I have a few questions about moving to the UAE and thought this forum would be a good way of getting answers!

I'm been offered a job by a company located in Sharjah... My first question is where should I live? In Sharjah or Ajman... And is Dubai far away from these areas? Are Sharjah and Ajman big cities??

Also is it hard to meet people over there, as I would be moving over alone.

Thanks for the help guys!

Jason


----------



## Jynxgirl (Nov 27, 2009)

You prob will find alot of information in the Dubai forum you are looking for but I will try to help as much as possible. 

You really should have a look at the thread in the Dubai forum that says something like read this before posting. 

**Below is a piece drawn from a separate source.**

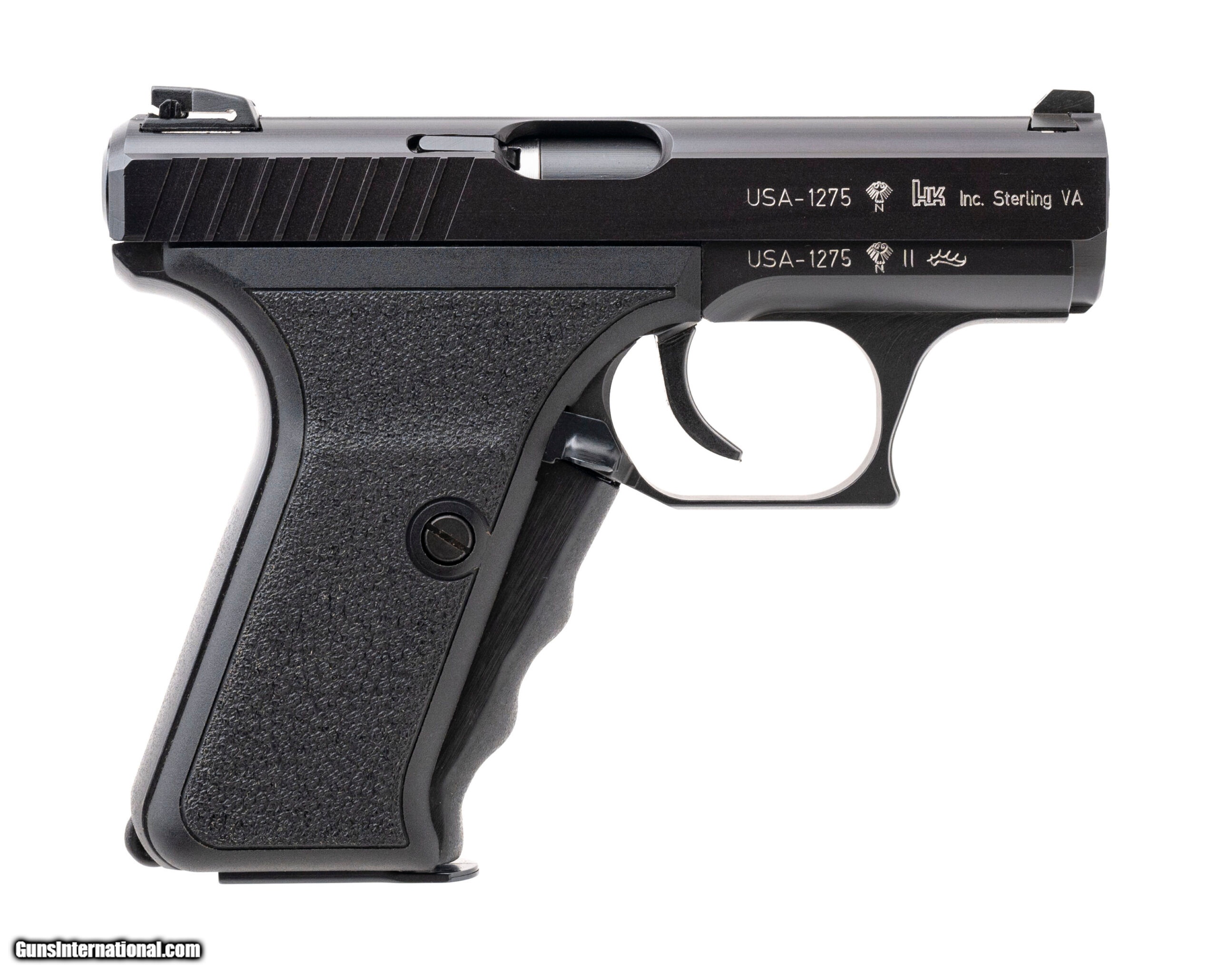 Description: "SN: USA-1275. Made in 1988, .380 ACP with a 3.8"" barrel. Rare German made squeezecocker small frame pistol in .380 ACP. Excellent condition with case, manual, tool and extra mag. A very desirable German made HK pistol. SOLD |

I would not suggest picking where you are going to live, until you arrive and have a look at the area. Sharjah is a busy place and traffic is terrible there. Sharjah surrounds Ajman. Ajman is a very tiny little pocket along the water front area. You could sneeze and miss it as your driving by (not really but you get the point hopefully). Dubai isnt far away but its the traffic between the two that can make going back and forth TERRIBLE. The metro doesnt run between the two  If there is no traffic (1 am), then its like a twenty min drive from the heart of sharjah to get to the trade center area in Dubai. Sharjah is far from a little city but its not big as Dubai. Sharjah is more conservative. Do a search on Sharjah to familiarize yourself with the rules and just life in Sharjah. There are not nearly as many western pockets of people in sharjah but you will still find some. I enjoy Sharjah but there really doesnt appear to be much to do there if you are a uk person who enjoys the nightly pub social life. There are two bars in Ajman. 

And with this.. this is the end of my helpfulness for the day


----------